Collected data entries
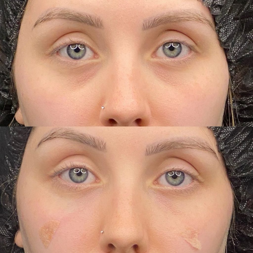 É utilizado Ácido Hialurônico para preencher olheiras profundas, deixando elas mais discretas e também ajudando na hidratação da pele, clareando a área aplicada.
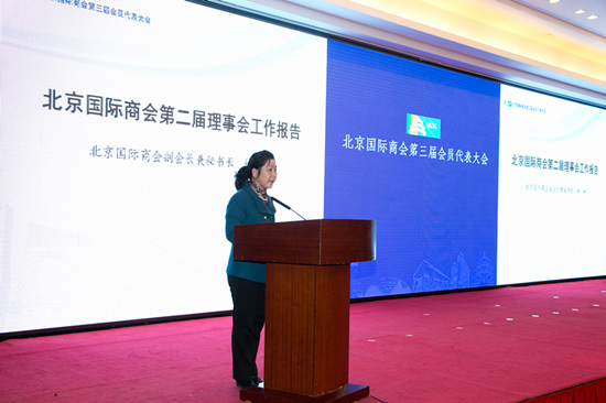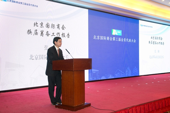 北京市贸促会副主任、北京国际商会副会长兼秘书长林彬做第二届理事会工作报告
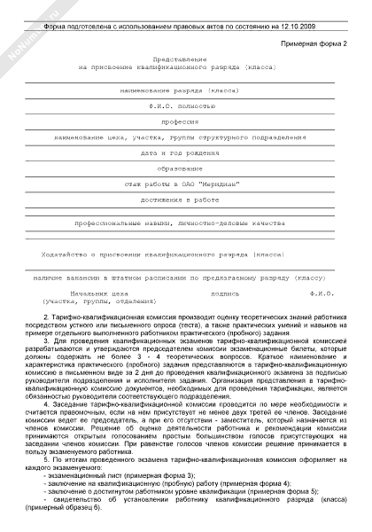 Представление руководителя подразделения для рассмотрения тарифно-квалификационной комиссией вопроса о присвоении или повышении работнику разряда (рекомендуемый образец заполнения)
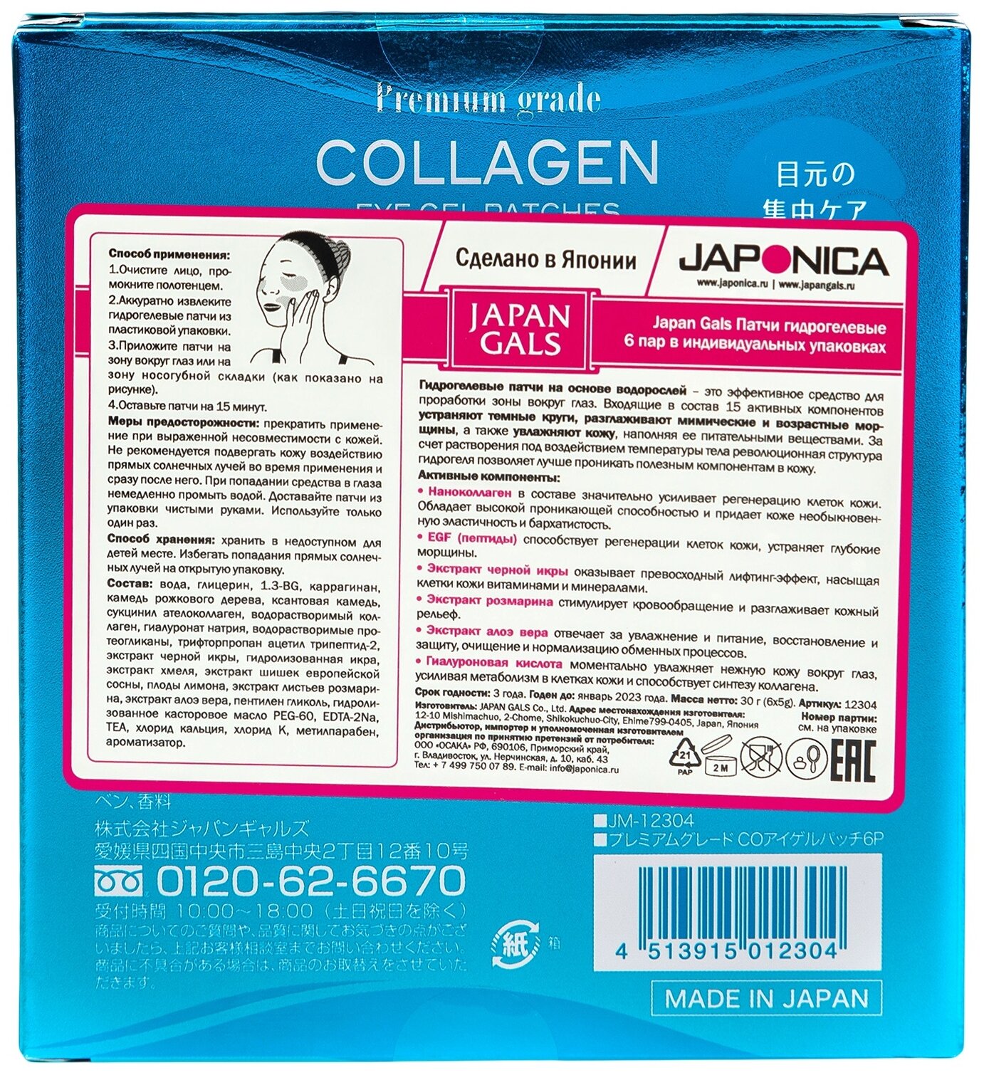 | Способ применения | Очистите лицо, промокните полотенцем. Аккуратно извлеките гидрогелевые патчи из пластиковой упаковки. Приложите патчи на зону вокруг глаз (как показано на картинке справа). Оставьте патчи на 15 минут. |
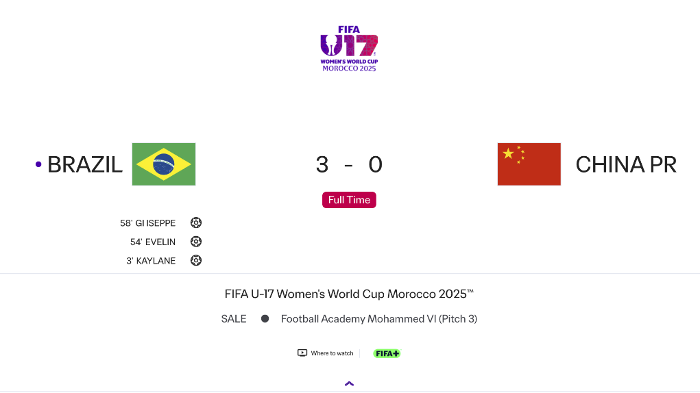 新華社拉巴特10月28日電 在28日進(jìn)行的2025年U17摩洛哥女足世界杯八分之一決賽中,中國隊(duì)以0:3負(fù)于巴西隊(duì),無緣八強(qiáng)。
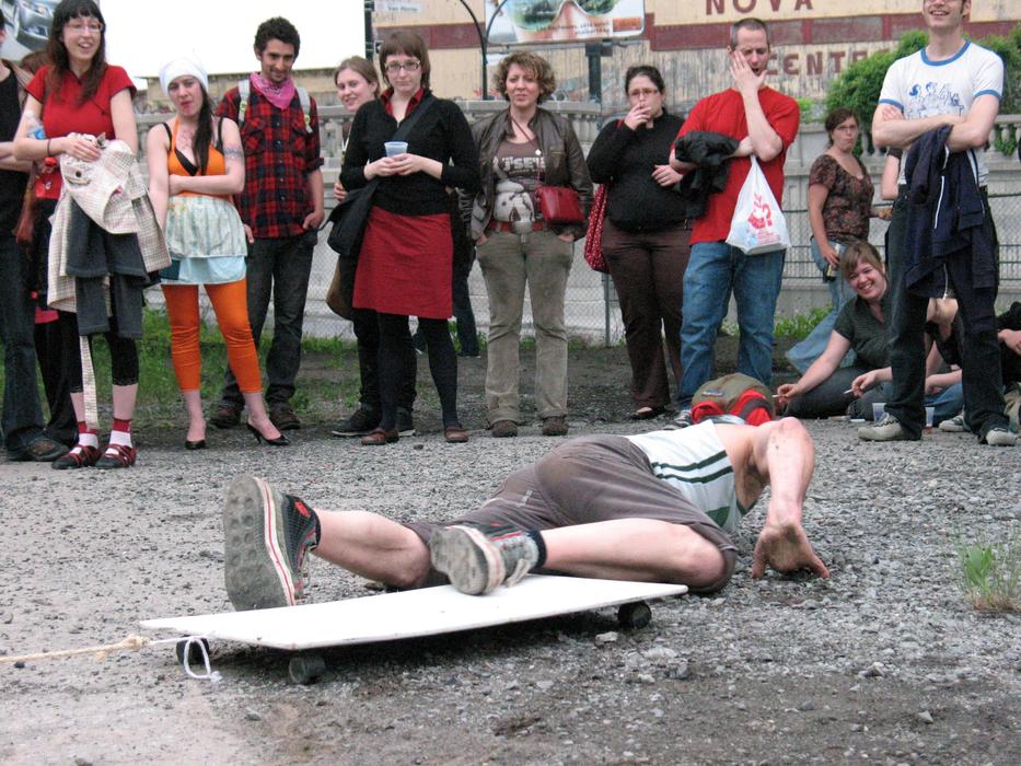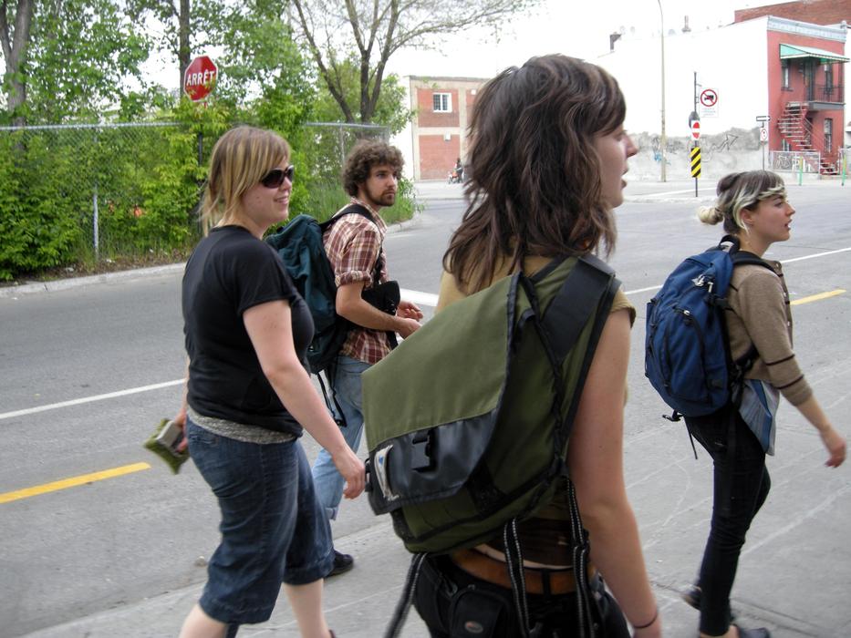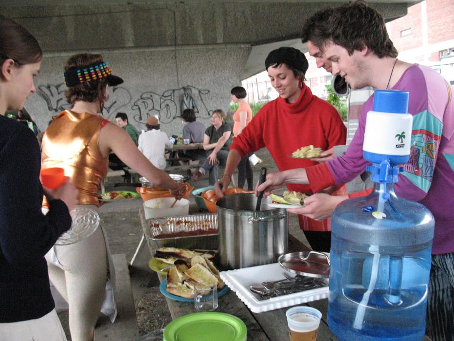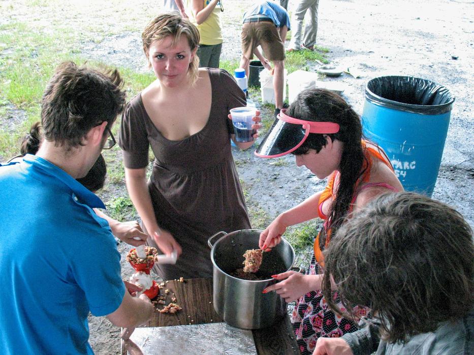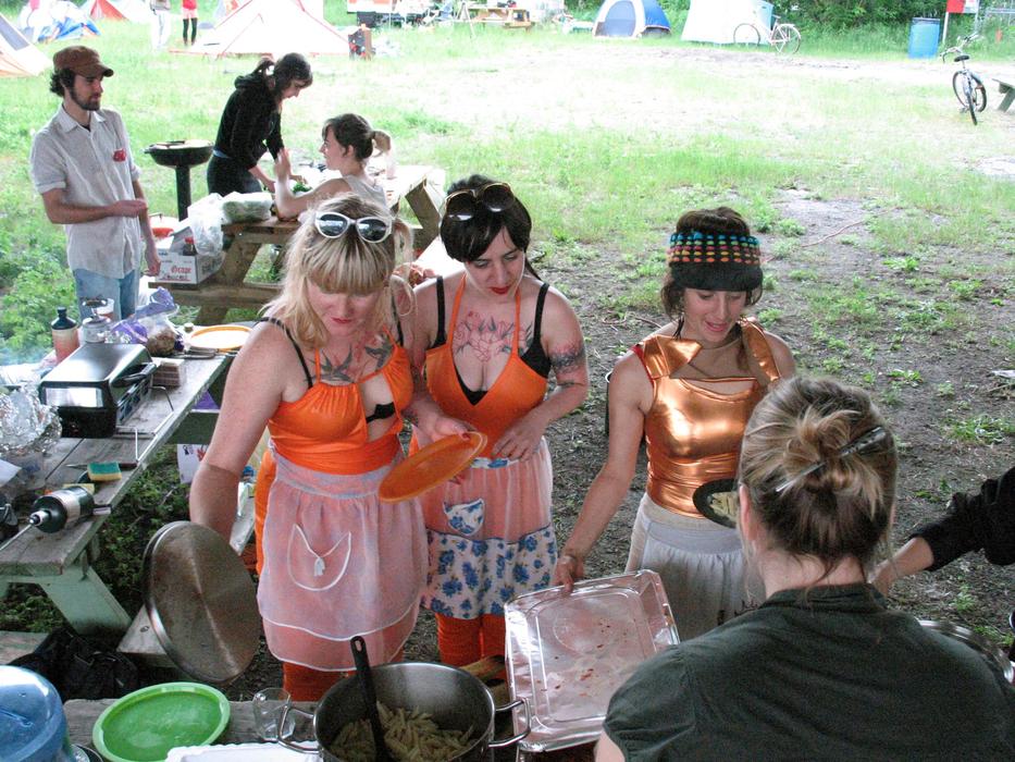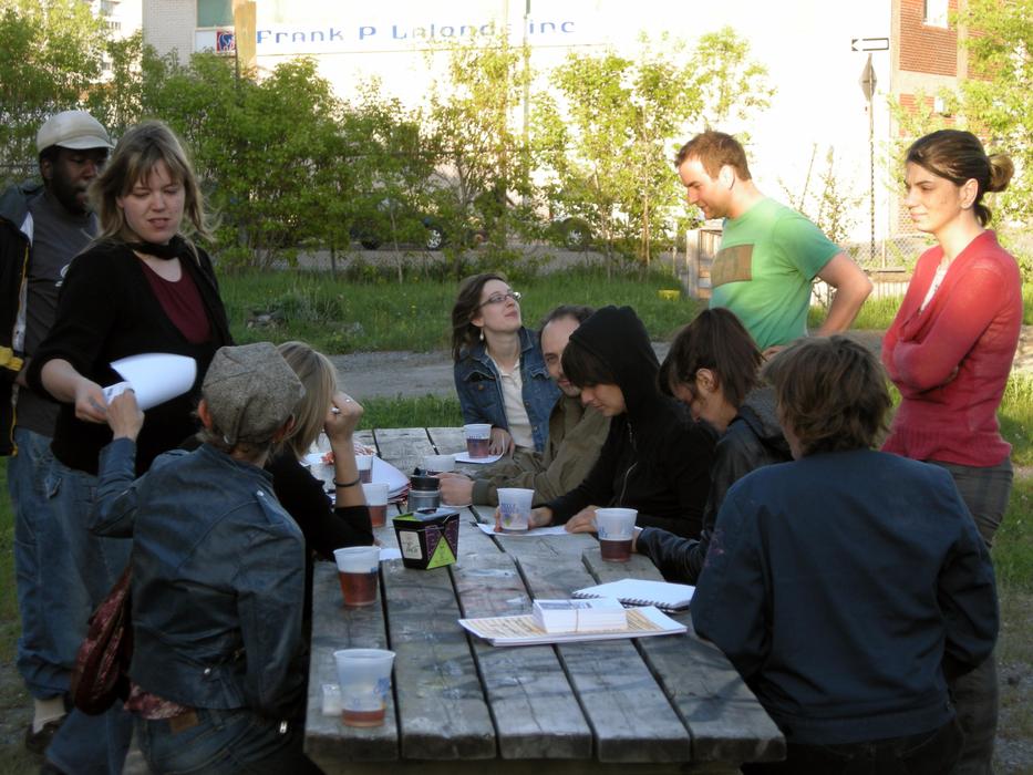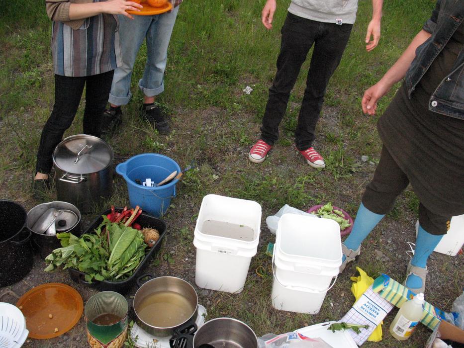 Lieu de repos et de ressourcement, le camping est aussi l’occasion de randonnées pédestres en forêt. Avec Promenade d’écoute de Yannick Guéguen et Edith Normandeau et Eating Your Way Through the Urban Campsite de Aidan Jeffery, les artistes proposent des promenades urbaines pour le moins inusitées. La première a pour objectif d’initier le public au paysage sonore à travers un trajet sensoriel d’expérimentation acoustique aux alentours du parc sans nom. Quelques détours permettent d’expérimenter différentes densités sonores: celle des oiseaux, de la ventilation d’une usine, de l’écho des voitures, du gravier sous nos pieds et des frottements de vêtements, par exemple. Force est de constater que le paysage visuel de la ville influence l’univers sonore qui nous entoure. De retour au campement d’Audiotopie (www.audiotopie.org), les participants sont invités à dessiner une partition à partir des sons entendus : étaient-ils rugueux, fluides, vaporeux? On réalise alors que les sons aussi ont une texture. La seconde promenade (de Aidan Jeffery) est un parcours pédestre préétabli en quête de nourriture dans les rebus des commerces du quartier Mile-End. Les campeurs urbains doivent ainsi s’approvisionner dans l’abondance « naturelle » qu’offre la ville, engageant une réflexion à la fois sur les stratégies de survie et les innombrables pertes associées aux modes de surconsommation qui régissent nos sociétés contemporaines. Comme les repas sont aussi prétextes aux rassemblements, les soupers sont préparés chaque jour collectivement avec les aliments «cueillis» dans le paysage urbain.

EXERCISE BRIEF:
Only the lines from the start of the records to the one containing "新華社拉巴特10月28日電 在28日進(jìn)行的20" should be repeated, exactly and with both ends kept; drop any pictures.

FINAL ANSWER:
 É utilizado Ácido Hialurônico para preencher olheiras profundas, deixando elas mais discretas e também ajudando na hidratação da pele, clareando a área aplicada.
 北京市贸促会副主任、北京国际商会副会长兼秘书长林彬做第二届理事会工作报告
 Представление руководителя подразделения для рассмотрения тарифно-квалификационной комиссией вопроса о присвоении или повышении работнику разряда (рекомендуемый образец заполнения)
 | Способ применения | Очистите лицо, промокните полотенцем. Аккуратно извлеките гидрогелевые патчи из пластиковой упаковки. Приложите патчи на зону вокруг глаз (как показано на картинке справа). Оставьте патчи на 15 минут. |
 新華社拉巴特10月28日電 在28日進(jìn)行的2025年U17摩洛哥女足世界杯八分之一決賽中,中國隊(duì)以0:3負(fù)于巴西隊(duì),無緣八強(qiáng)。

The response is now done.